Work item → Quote all lines below exactly. Images stay out.

Information shown →

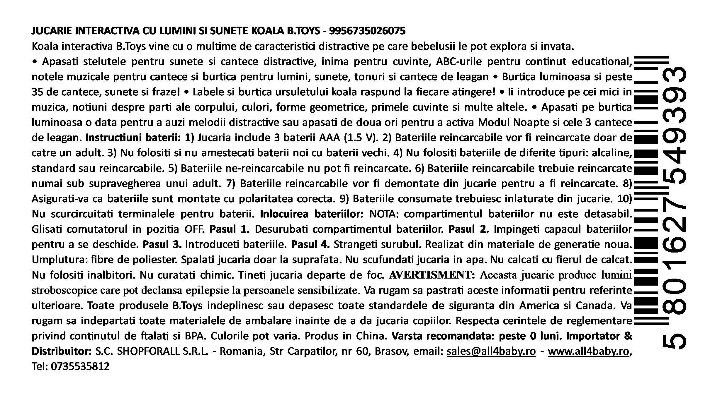 Koala Kiki este o jucărie interactivă care combină muzica, sunetele și lumina pentru a stimula curiozitatea și dezvoltarea bebelușilor. Cu peste 35 de cântece, sunete și fraze, aceasta oferă ore întregi de joacă educativă și distractivă.
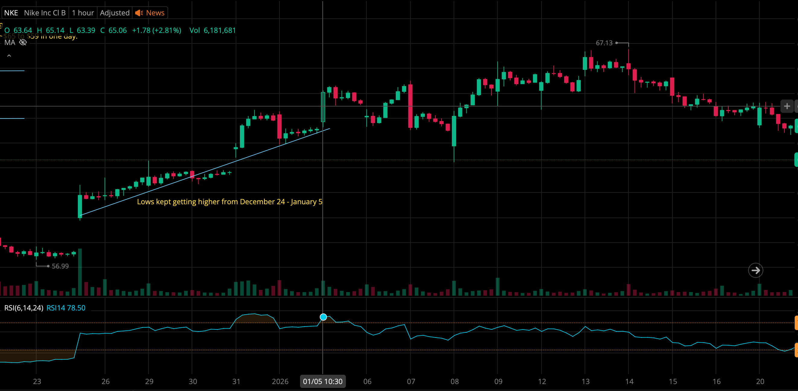 - The lows kept getting higher from December 24 - January 5. I know I haven't covered diagonals in details, but this meant that NKE was on a postivie trend, the price was bound to keep climbing up
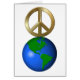 Clever Rebus style word puzzle design with a metallic gold peace symbol on top of a 3-d green and blue Earth globe to represent the popular holiday greeting "peace on Earth"

Solution →
 Koala Kiki este o jucărie interactivă care combină muzica, sunetele și lumina pentru a stimula curiozitatea și dezvoltarea bebelușilor. Cu peste 35 de cântece, sunete și fraze, aceasta oferă ore întregi de joacă educativă și distractivă.
 - The lows kept getting higher from December 24 - January 5. I know I haven't covered diagonals in details, but this meant that NKE was on a postivie trend, the price was bound to keep climbing up
 Clever Rebus style word puzzle design with a metallic gold peace symbol on top of a 3-d green and blue Earth globe to represent the popular holiday greeting "peace on Earth"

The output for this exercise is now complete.